> **Problem to solve**: From the first line below to the last, reproduce the material exactly and leave out the images.

········

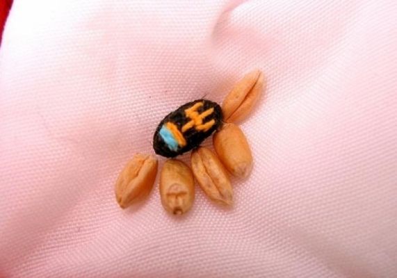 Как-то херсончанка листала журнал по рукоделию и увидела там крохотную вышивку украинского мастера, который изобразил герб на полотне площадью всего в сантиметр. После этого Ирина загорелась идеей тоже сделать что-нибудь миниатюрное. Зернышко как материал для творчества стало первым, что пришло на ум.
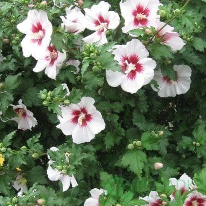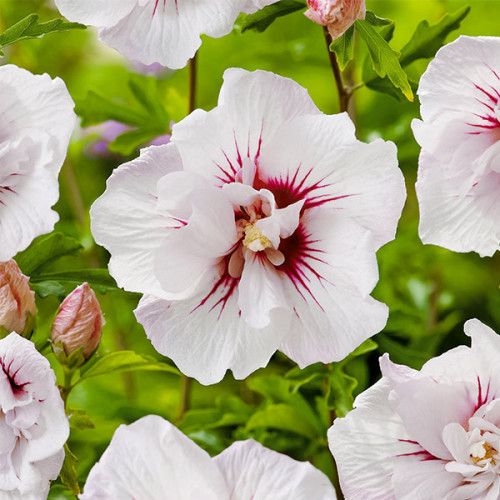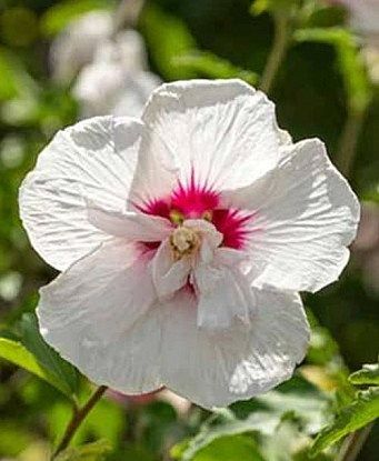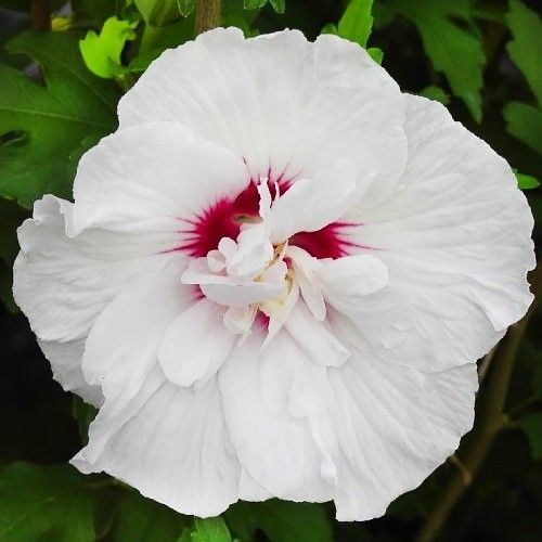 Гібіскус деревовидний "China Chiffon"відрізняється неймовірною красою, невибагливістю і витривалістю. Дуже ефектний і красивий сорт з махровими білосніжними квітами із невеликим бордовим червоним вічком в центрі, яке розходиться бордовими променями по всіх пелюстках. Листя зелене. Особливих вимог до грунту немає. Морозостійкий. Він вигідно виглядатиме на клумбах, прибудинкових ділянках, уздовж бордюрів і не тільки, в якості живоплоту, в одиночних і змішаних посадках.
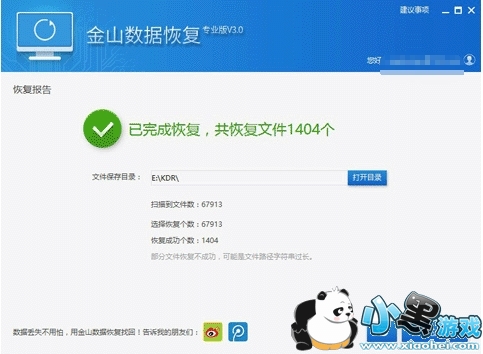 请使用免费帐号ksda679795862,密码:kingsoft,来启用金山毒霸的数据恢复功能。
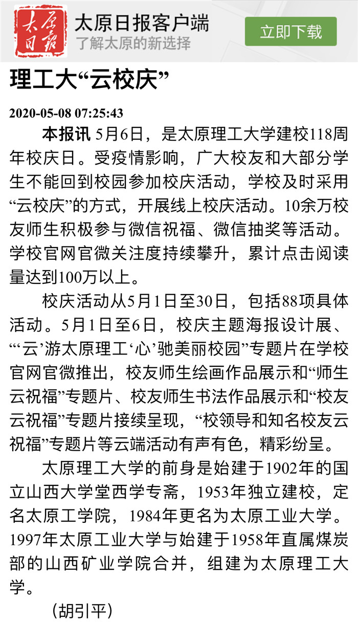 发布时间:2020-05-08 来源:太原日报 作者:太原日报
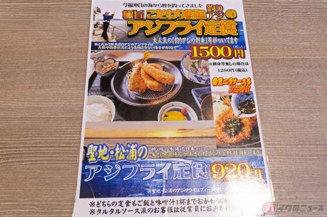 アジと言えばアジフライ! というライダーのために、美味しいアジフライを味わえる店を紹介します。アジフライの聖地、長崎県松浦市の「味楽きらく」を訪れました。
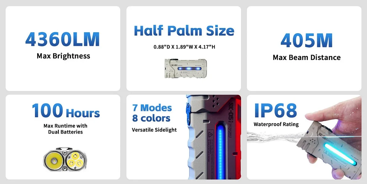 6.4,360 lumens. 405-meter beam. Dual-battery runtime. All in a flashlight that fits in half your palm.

········

> **Worked solution**:
 Как-то херсончанка листала журнал по рукоделию и увидела там крохотную вышивку украинского мастера, который изобразил герб на полотне площадью всего в сантиметр. После этого Ирина загорелась идеей тоже сделать что-нибудь миниатюрное. Зернышко как материал для творчества стало первым, что пришло на ум.
 Гібіскус деревовидний "China Chiffon"відрізняється неймовірною красою, невибагливістю і витривалістю. Дуже ефектний і красивий сорт з махровими білосніжними квітами із невеликим бордовим червоним вічком в центрі, яке розходиться бордовими променями по всіх пелюстках. Листя зелене. Особливих вимог до грунту немає. Морозостійкий. Він вигідно виглядатиме на клумбах, прибудинкових ділянках, уздовж бордюрів і не тільки, в якості живоплоту, в одиночних і змішаних посадках.
 请使用免费帐号ksda679795862,密码:kingsoft,来启用金山毒霸的数据恢复功能。
 发布时间:2020-05-08 来源:太原日报 作者:太原日报
 アジと言えばアジフライ! というライダーのために、美味しいアジフライを味わえる店を紹介します。アジフライの聖地、長崎県松浦市の「味楽きらく」を訪れました。
 6.4,360 lumens. 405-meter beam. Dual-battery runtime. All in a flashlight that fits in half your palm.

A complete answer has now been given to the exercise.